Task objective:
Below are records; extract exactly the lines from the one containing "荊門水務(wù)集團企業(yè)標準——供水服務(wù)" through the last, both included, and keep the pictures out.

Information shown:
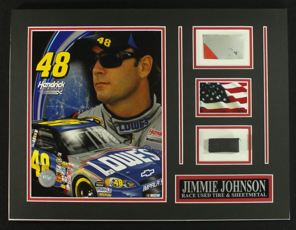 This piece measures 16x12 in size and is highlighted by a piece of race-used sheet metal as well as a 2"x1" section of race-used tire from a Jimmie Johnson car. Piece comes with a COA for authenticity purposes.
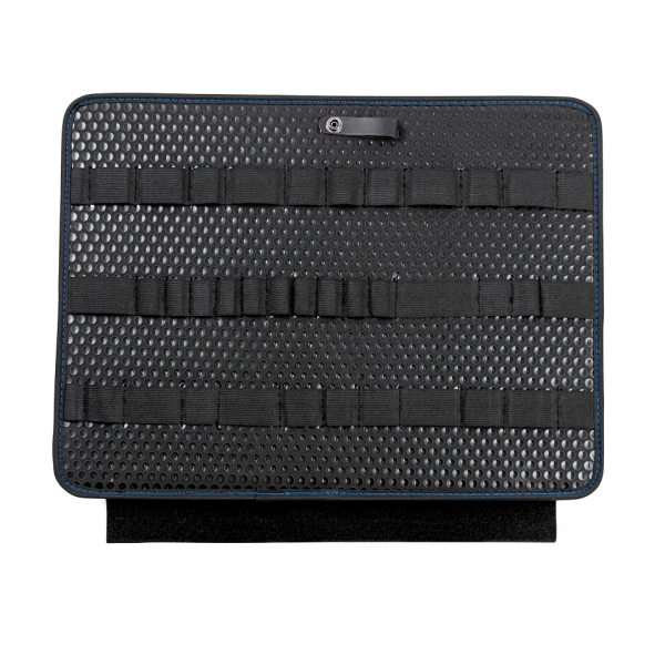 Sowohl auf der Vorder- als auch auf der RĂŒckseite dieser Abdeckplatte befinden sich tool loops in unterschiedlichen GröĂen, damit alle Arbeitsutensilien an ihrem vorgesehenen Platz bleiben und ein bestmöglicher Ăberblick ĂŒber das Inventar des B&W tool.case flex Werkzeugkoffers geboten werden kann.
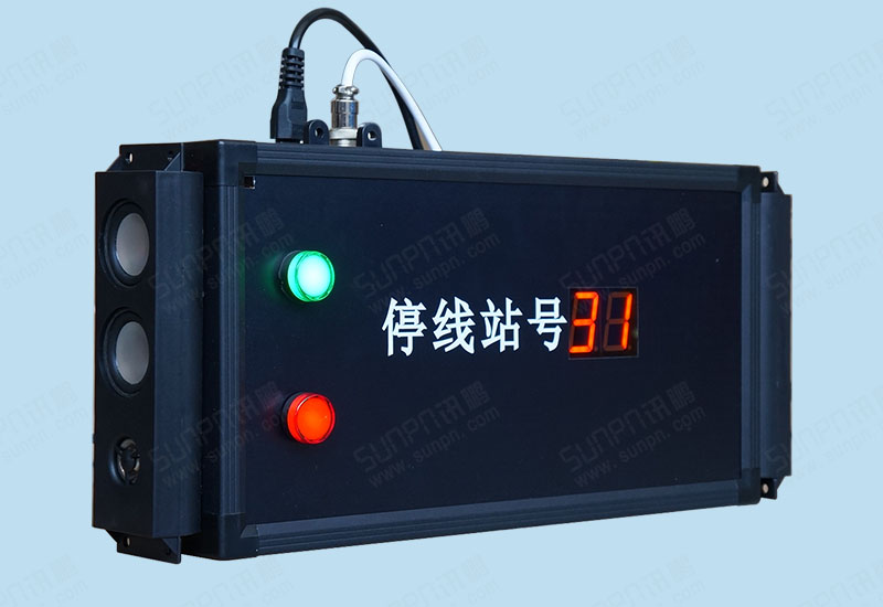 看板通過PLC提供8個開關(guān)輸出量控制顯示屏的顯示與聲音播報:
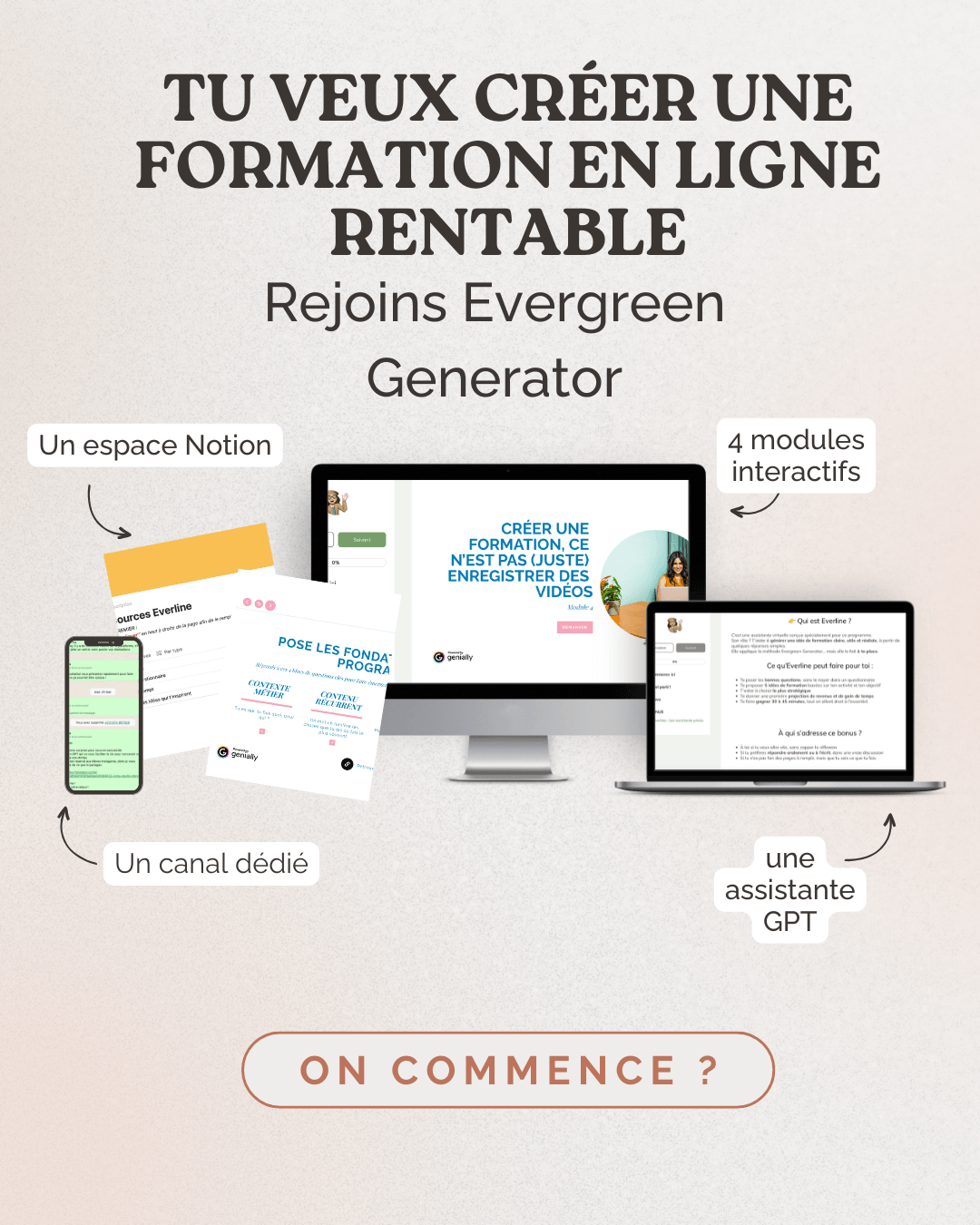 C’est de cette expérience qu’est né Evergreen Generator : un accompagnement pas à pas pour t’aider à clarifier ton idée, structurer ton contenu et lancer une offre digitale qui se vend… même quand tu es en week-end ou en vacances 🌴
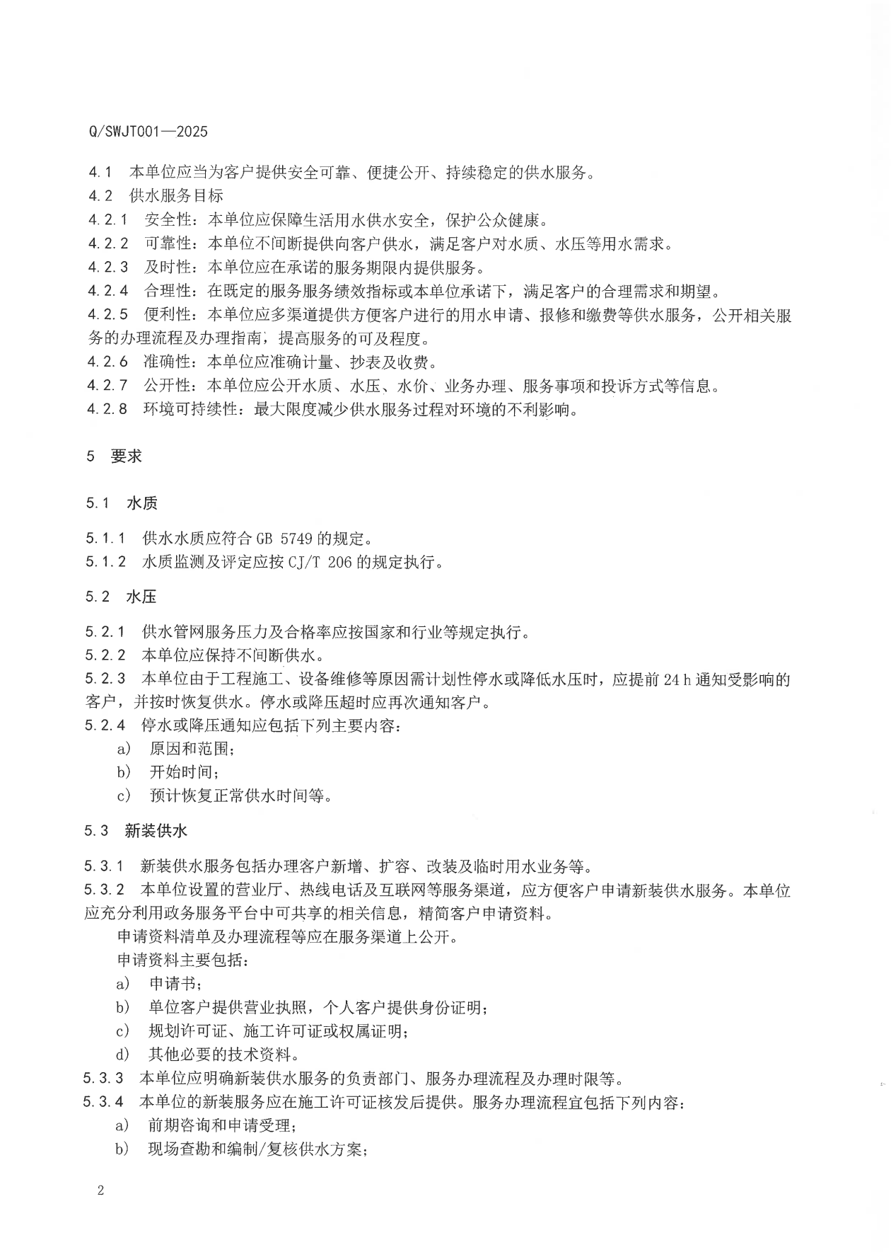 荊門水務(wù)集團企業(yè)標準——供水服務(wù)
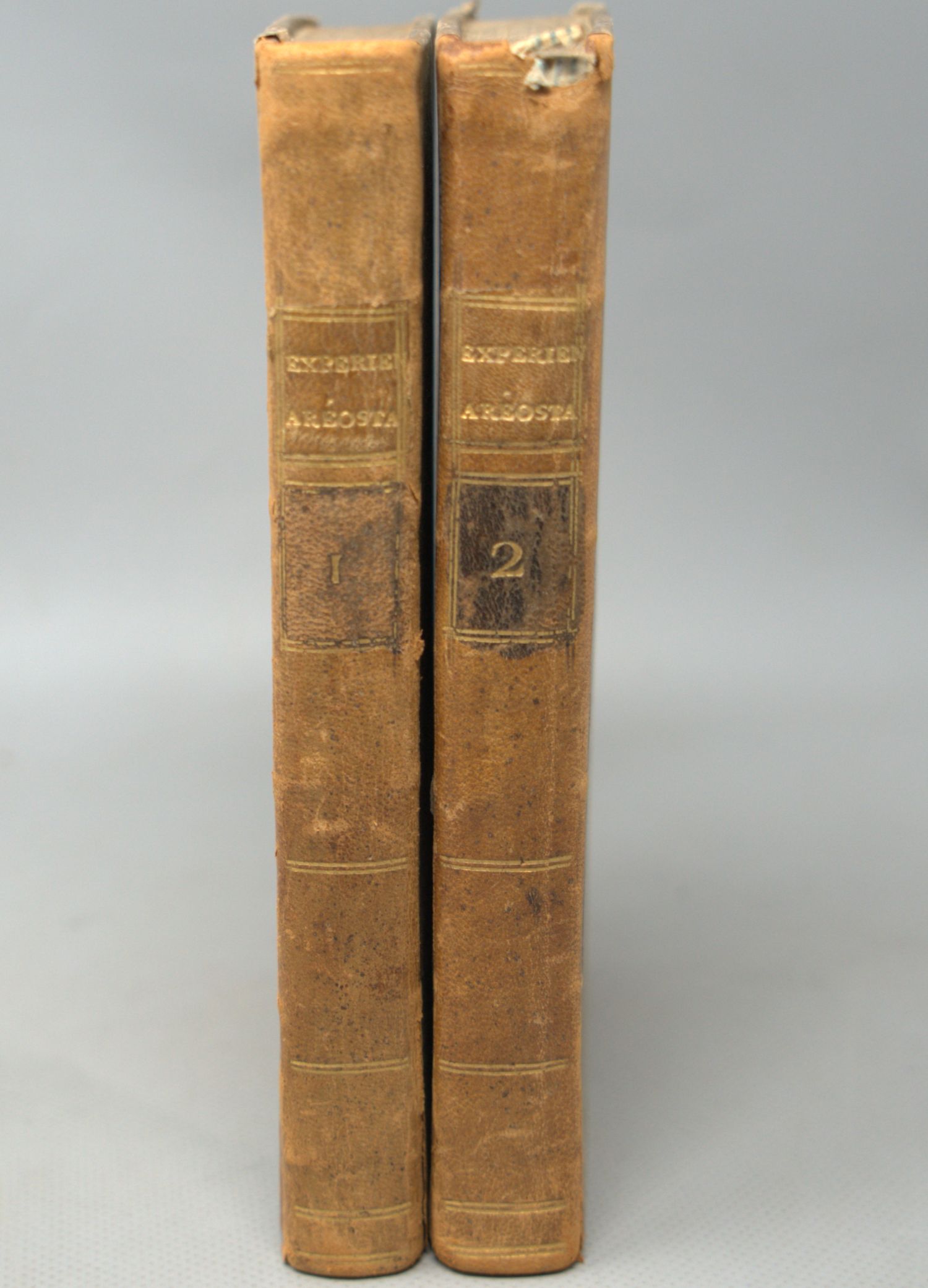 Faujas de Saint-Fond, (B.). Description des expériences de la machine aérostatique de MM. de Montgolfier (avec "Première suite"). 2 Bände. XL, 299 S., 3 Bl.; 1 Bl., 366 (recte 364) S., 1 Bl. Mit 14 Kupfertafeln und Falttabelle. 20 x 13 cm. Halblederbände d. Z. (ein Gelenk angebrochen, Kapital mit leichtem Defekt). Paris, Cuchet, 1783-1784.

Result of the task:
 荊門水務(wù)集團企業(yè)標準——供水服務(wù)
 Faujas de Saint-Fond, (B.). Description des expériences de la machine aérostatique de MM. de Montgolfier (avec "Première suite"). 2 Bände. XL, 299 S., 3 Bl.; 1 Bl., 366 (recte 364) S., 1 Bl. Mit 14 Kupfertafeln und Falttabelle. 20 x 13 cm. Halblederbände d. Z. (ein Gelenk angebrochen, Kapital mit leichtem Defekt). Paris, Cuchet, 1783-1784.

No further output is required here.